* [WHAT IS REQUIRED]: An exact copy of the lines from the top of the data through the line with "Der braun gespitzte, liegende" is what you should give, with no pictures in it.

--- RECORDED INFORMATION Enclosed Below ---

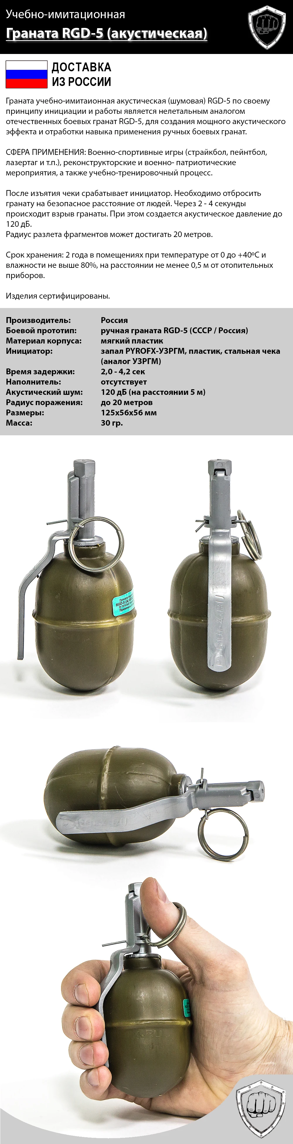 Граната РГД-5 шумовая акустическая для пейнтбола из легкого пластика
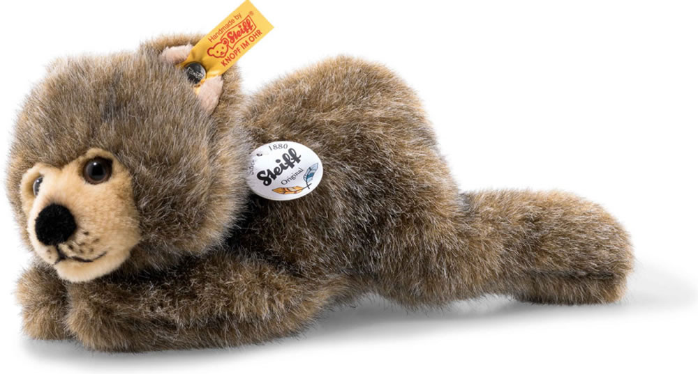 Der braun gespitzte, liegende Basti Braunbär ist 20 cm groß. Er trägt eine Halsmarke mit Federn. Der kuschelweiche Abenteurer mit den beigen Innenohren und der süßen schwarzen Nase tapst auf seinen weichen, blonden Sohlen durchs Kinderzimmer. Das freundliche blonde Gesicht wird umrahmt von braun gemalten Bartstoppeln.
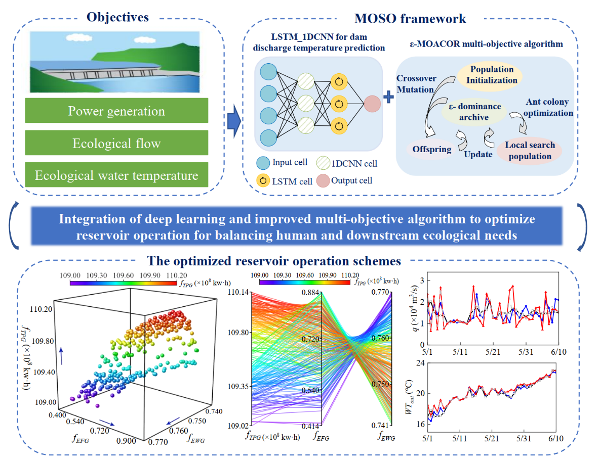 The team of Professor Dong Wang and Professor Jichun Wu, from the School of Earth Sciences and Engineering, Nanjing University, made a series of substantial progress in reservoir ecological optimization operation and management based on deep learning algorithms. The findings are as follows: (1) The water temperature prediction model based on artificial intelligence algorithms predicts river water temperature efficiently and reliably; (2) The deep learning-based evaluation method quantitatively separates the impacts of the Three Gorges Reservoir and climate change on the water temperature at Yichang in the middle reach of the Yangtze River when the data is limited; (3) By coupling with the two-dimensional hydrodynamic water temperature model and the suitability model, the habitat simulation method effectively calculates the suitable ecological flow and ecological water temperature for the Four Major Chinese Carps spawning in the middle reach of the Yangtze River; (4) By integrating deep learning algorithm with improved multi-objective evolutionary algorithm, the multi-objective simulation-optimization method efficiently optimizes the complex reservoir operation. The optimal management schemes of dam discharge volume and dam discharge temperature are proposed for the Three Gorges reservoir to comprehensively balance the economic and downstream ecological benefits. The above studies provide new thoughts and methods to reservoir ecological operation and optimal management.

--- End of Enclosed RECORDED INFORMATION ---

* [RESPONSE BELOW]:
 Граната РГД-5 шумовая акустическая для пейнтбола из легкого пластика
 Der braun gespitzte, liegende Basti Braunbär ist 20 cm groß. Er trägt eine Halsmarke mit Federn. Der kuschelweiche Abenteurer mit den beigen Innenohren und der süßen schwarzen Nase tapst auf seinen weichen, blonden Sohlen durchs Kinderzimmer. Das freundliche blonde Gesicht wird umrahmt von braun gemalten Bartstoppeln.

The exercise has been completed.